— PROBLEM STATEMENT —
Everything in the data below is left aside except the lines from the one containing "見ためにも涼やかな緑のシェード、この夏、モデルハウスでも育てています。" through the one containing "暑さがでてきた朝ですが,子ど"; repeat those exactly.

— SUPPLIED MATERIAL —
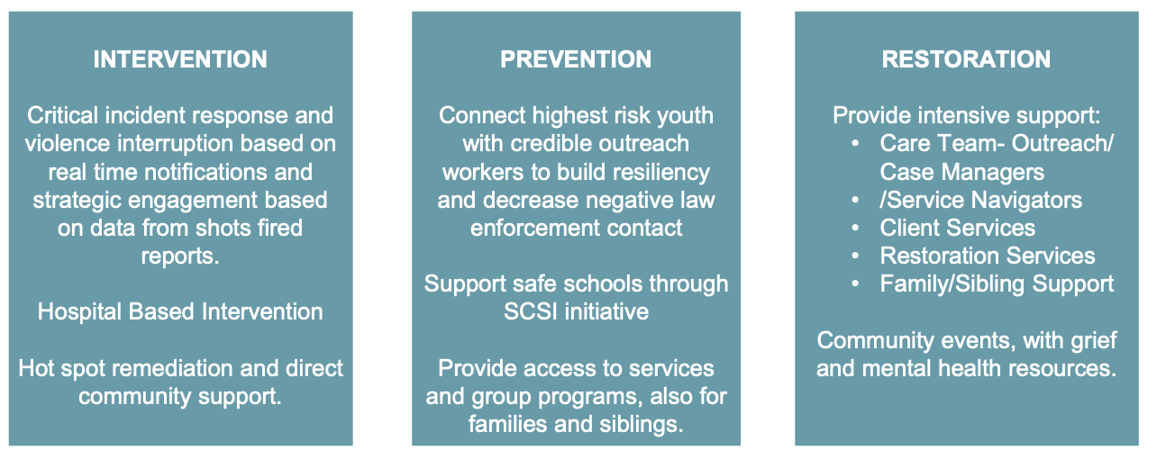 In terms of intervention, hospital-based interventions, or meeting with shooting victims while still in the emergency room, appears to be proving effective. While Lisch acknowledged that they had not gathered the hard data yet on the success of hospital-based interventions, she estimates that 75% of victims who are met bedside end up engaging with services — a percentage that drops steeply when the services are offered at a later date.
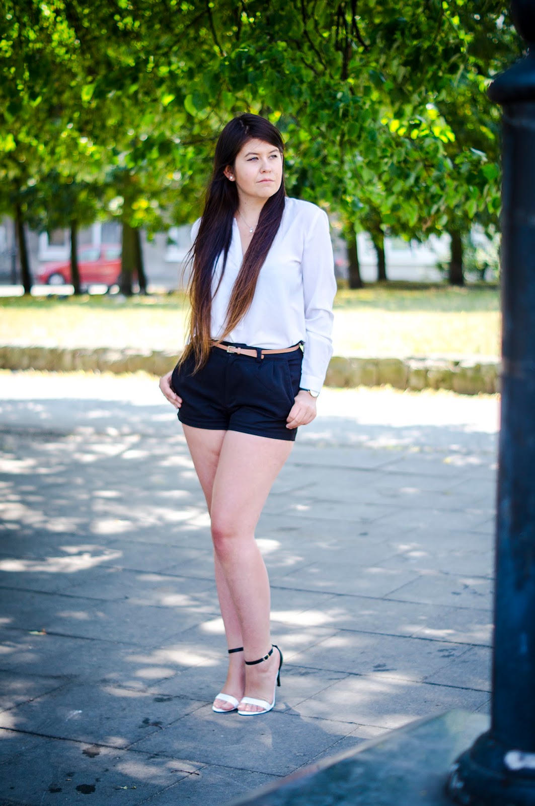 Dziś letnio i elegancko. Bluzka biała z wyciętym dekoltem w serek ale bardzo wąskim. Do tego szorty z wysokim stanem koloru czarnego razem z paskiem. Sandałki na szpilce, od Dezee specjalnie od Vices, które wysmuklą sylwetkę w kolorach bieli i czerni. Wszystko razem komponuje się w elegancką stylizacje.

...

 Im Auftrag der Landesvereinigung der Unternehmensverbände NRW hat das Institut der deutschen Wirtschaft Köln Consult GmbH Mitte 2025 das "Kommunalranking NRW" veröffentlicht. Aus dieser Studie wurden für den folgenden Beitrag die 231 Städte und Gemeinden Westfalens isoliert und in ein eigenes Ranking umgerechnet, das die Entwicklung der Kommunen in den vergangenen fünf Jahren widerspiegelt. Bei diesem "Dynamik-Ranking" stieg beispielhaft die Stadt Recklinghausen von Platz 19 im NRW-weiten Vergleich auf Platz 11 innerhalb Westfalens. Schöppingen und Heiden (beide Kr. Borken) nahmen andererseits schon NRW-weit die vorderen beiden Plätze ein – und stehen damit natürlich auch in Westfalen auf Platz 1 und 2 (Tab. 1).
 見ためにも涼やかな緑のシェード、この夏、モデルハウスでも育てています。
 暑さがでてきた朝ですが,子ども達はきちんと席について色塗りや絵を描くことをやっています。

— SOLVED PROBLEM —
 見ためにも涼やかな緑のシェード、この夏、モデルハウスでも育てています。
 暑さがでてきた朝ですが,子ども達はきちんと席について色塗りや絵を描くことをやっています。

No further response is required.